The below message from the console log shows how many tables are imported and is the import successful or not.

2016-10-13 01:58:10,898 INFO  - [main:] ~ Successfully imported all 22 tables from default  (HiveMetaStoreBridge:261)
Hive Data Model imported successfully!!!

Now we can verify for the imported tables over Atlas UI. It should reflect all the 22 tables that are imported as per above.

The logs for the import script are in <atlas package>/logs/import-hive.log

Running import script on kerberized cluster

The above will work perfectly for a simple cluster but for a kerberized cluster, you need to provide additional details to run the command.

<atlas package>/hook-bin/import-hive.sh -Dsun.security.jgss.debug=true -Djavax.security.auth.useSubjectCredsOnly=false -Djava.security.krb5.conf=[krb5.conf location] -Djava.security.auth.login.config=[jaas.conf location]
16,050 Views
Comments
avatar
Expert Contributor

hdp 2.6.3 is missing this script. Any hints to where it was moved?

avatar
Expert Contributor

FYI: This file seems to only be present on the hive server.

avatar
New Contributor

I run the script/tool(import-hive.sh) and i can search the hive entities like tables, database, views, columns,but no lineage, is that nomal?

before install atlas, there are two hive table named atlas_testm and atlas_testm_ext(is a view based on atlas_testm) in my hive database cluster.

after install atlas and run the atlas services , i run the script named import-hive.sh,i can saw these two hive table in atlas ui web by search,but no lineage which is relationship of atlas_testm and atlas_testm_ext,is that nomal?

i want to know whether the script named import-hive.sh does not support hive table's history lineage import?

this problem has been bothering me for a long time.

87440-atlas1.png

87441-atlas2.png

avatar
Expert Contributor

At least for version 2.6.3 and above the section "Running import script on kerberized cluster" is wrong. You don't need to provide any of the options (properties) indicated (except maybe the debug one If you want to have debug output) because they are automatically detected and included in the script.
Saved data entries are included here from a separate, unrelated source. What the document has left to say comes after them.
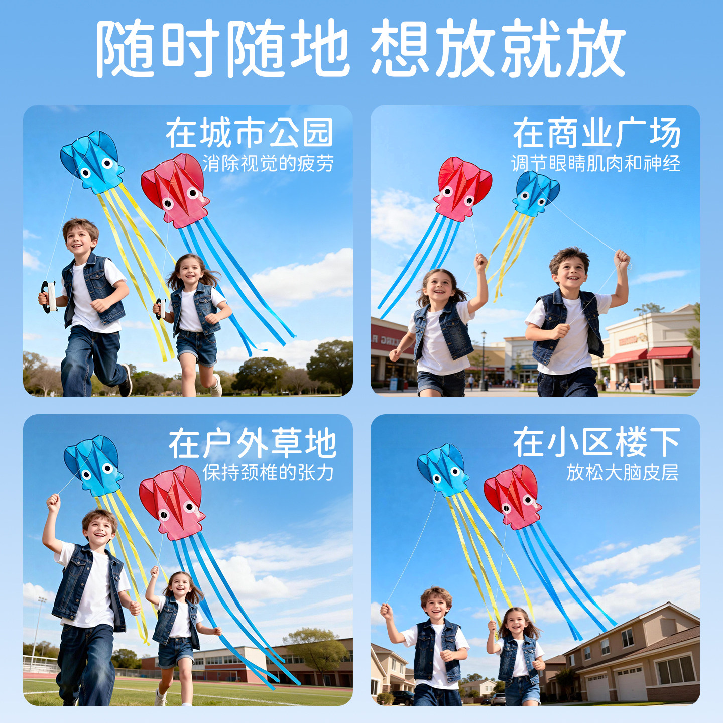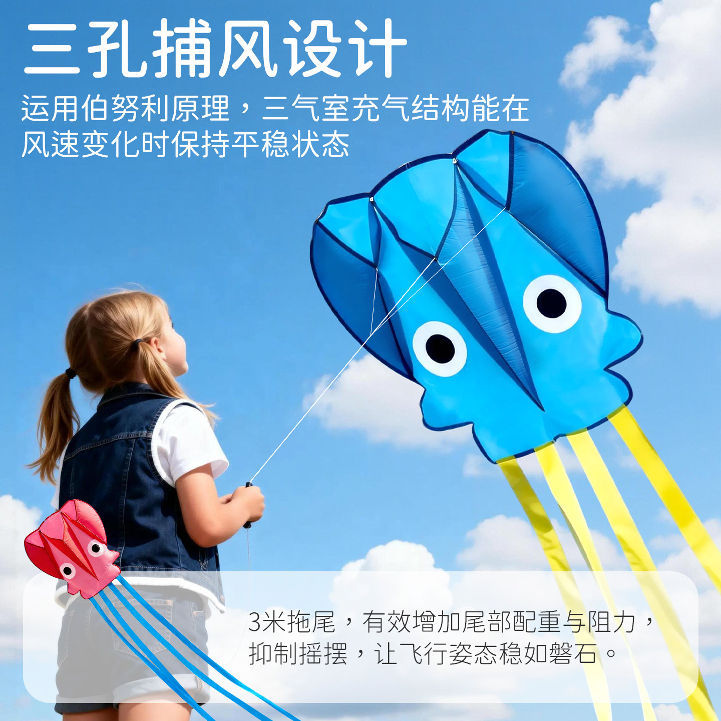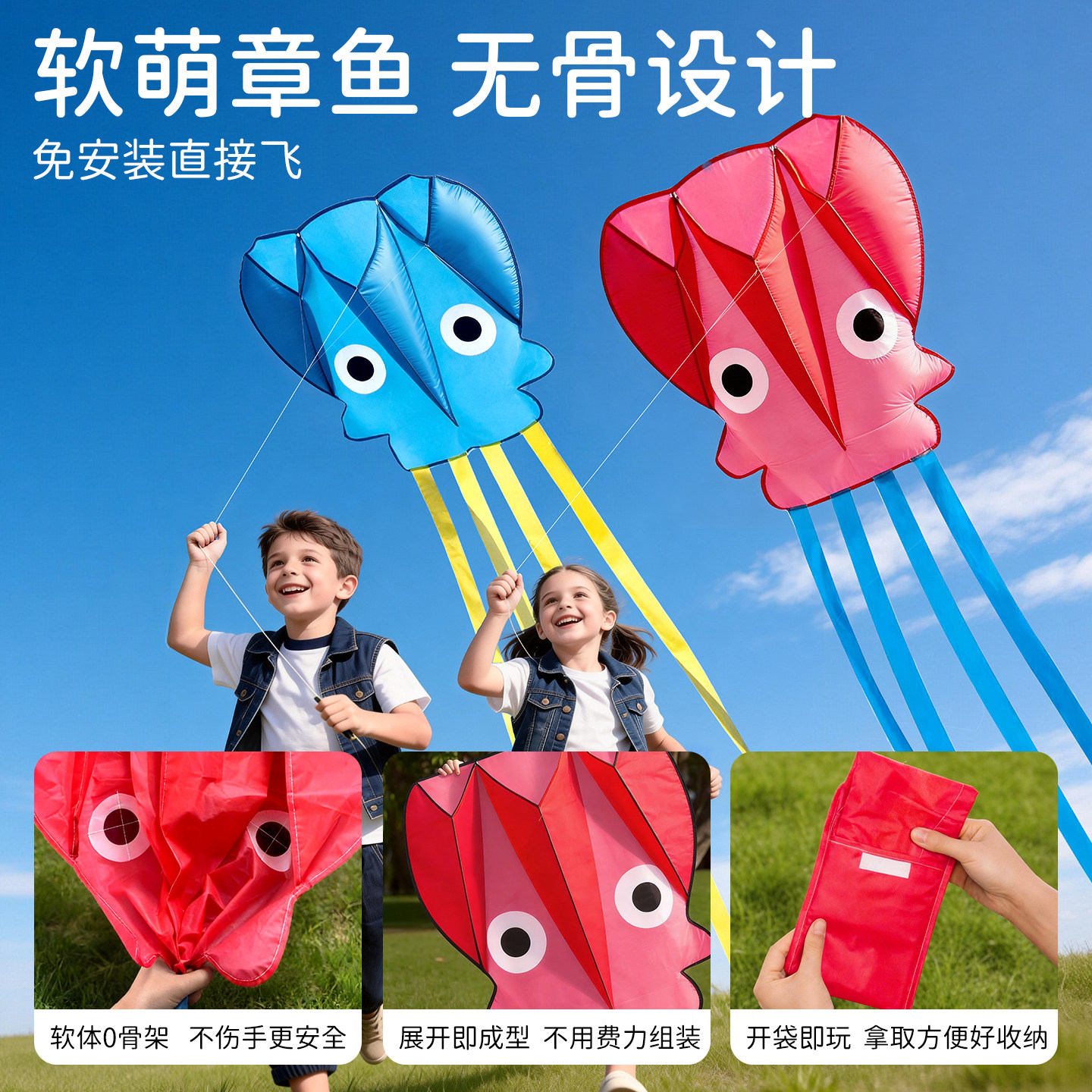 儿童风筝口袋软体小章鱼手持微风易飞便携户外2026新款可折叠无骨
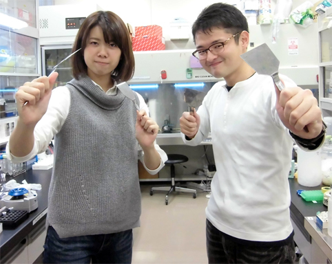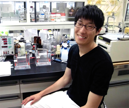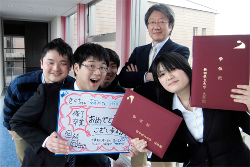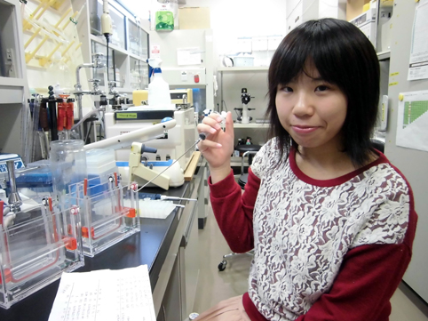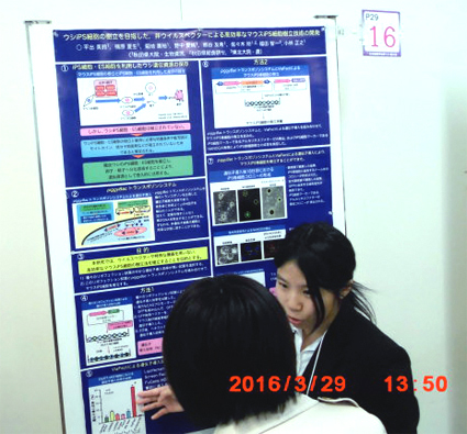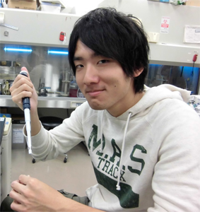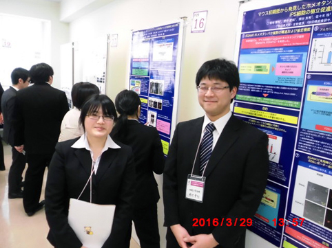 ・H26年度大学院入学生特待生 --------------------- 大学院修士課程 修士課程2年(12期)菊地 貴裕(福島県) マウスiPS細胞の樹立に及ぼすEGAM1ホメオタンパク質群の影響に関する研究 ・第64回東北畜産学会大会優秀発表賞 修士課程2年(12期)野中 愛純(岩手県) EGAM1ホメオタンパク質群と相互作用する転写因子に関する研究 ・第65回東北畜産学会大会優秀発表賞 修士課程1年(13期)熊谷 友希(秋田県) 動物胚の受胎率向上を目指した遺伝子組換え技術による活性増強型FGF4の開発 --------------------- 卒業論文研究 学部4年生(14期)平出 美鈴(山梨県) 動物iPS細胞の成立要因に関する研究 --------------------- 学部3年生研究室配属 学部3年生(15期)佐藤 卓(奈良県) 学部3年生(15期)古舘 千秋(岩手県)
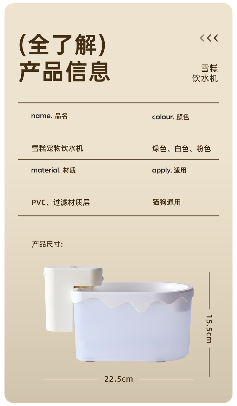새로운 무선 고양이 마시는 분수 아이스크림 모양 애완 동물 마시는 분수 물 전기 분리 마시는 분수 국경 간 도매스토어 가기
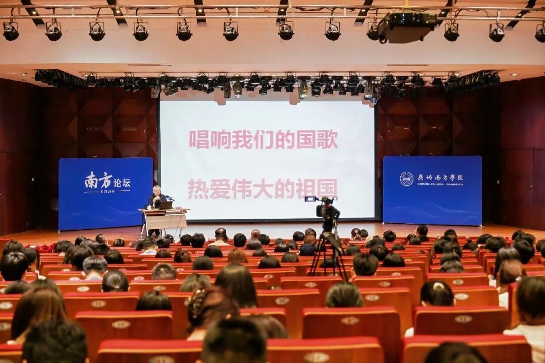 近日,广州南方学院南方论坛第147期邀请第十一届、十二届全国政协委员,原中国人民解放军军乐团团长于海担任主讲嘉宾,以《最爱我们的国歌》为主题为师生带来了一场艺术的洗礼与爱国主义精神淬炼。中国科学院院士、广州南方学院校长汤涛等校领导,以及师生代表共计400余人参加讲座。本期南方论坛由广州南方学院艺术学院院长臧艺兵主持。
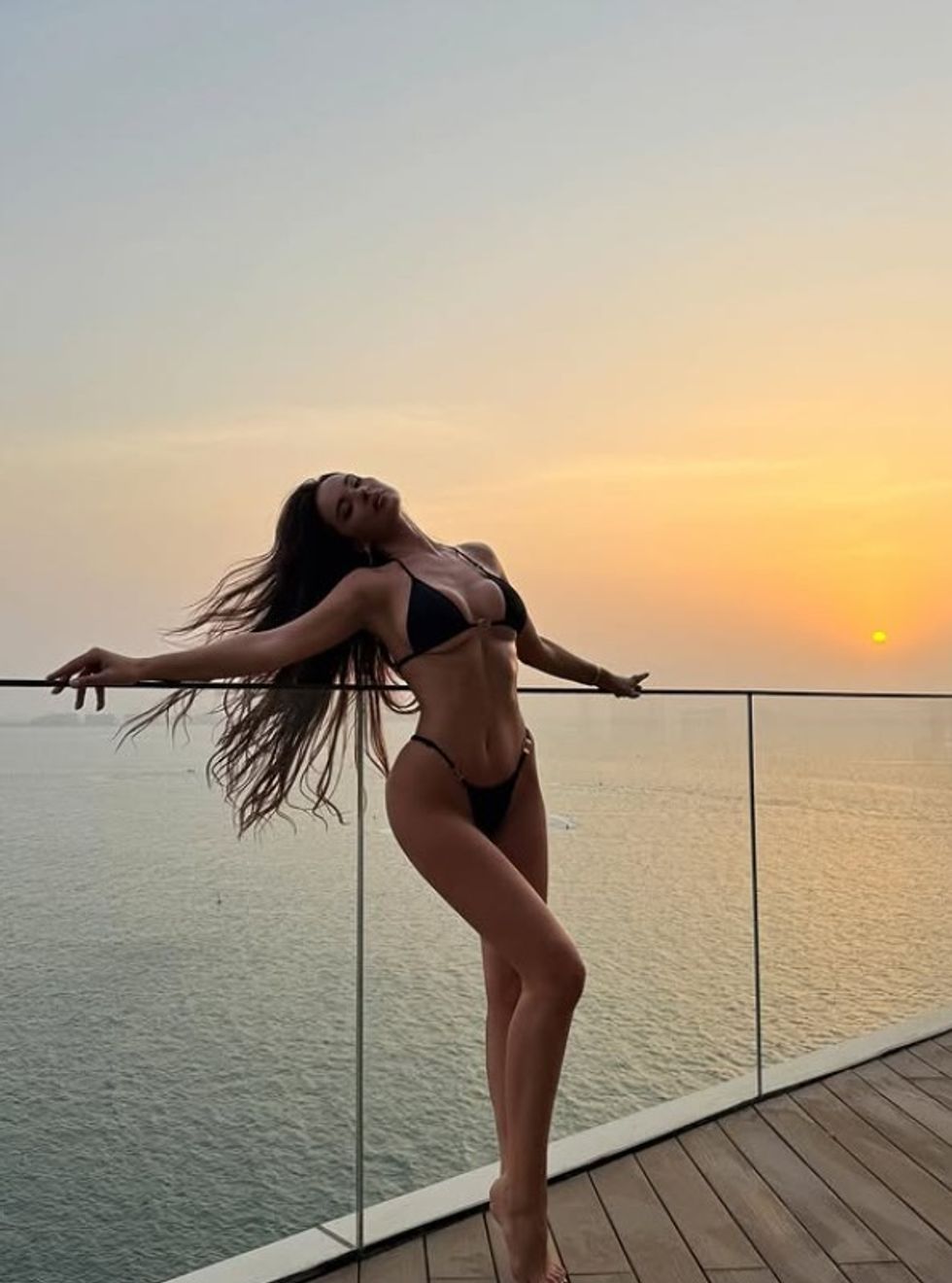 E veshur me bikini të zeza elegante, Oriola pozon në një ballkon luksoz me pamje të mrekullueshme, duke e theksuar siluetën e saj perfekte dhe stilin gjithmonë në qendër të vëmendjes.

Also at least in 2.6.5 a direct execution of the script in a Kerberized cluster will fail because of the CLASSPATH generated into the script. I had to edit this replacing many single JAR files by a glob inside their parent folder in order for the command to run without error.

If you have this problem see answer o "Atlas can't see Hive tables" question.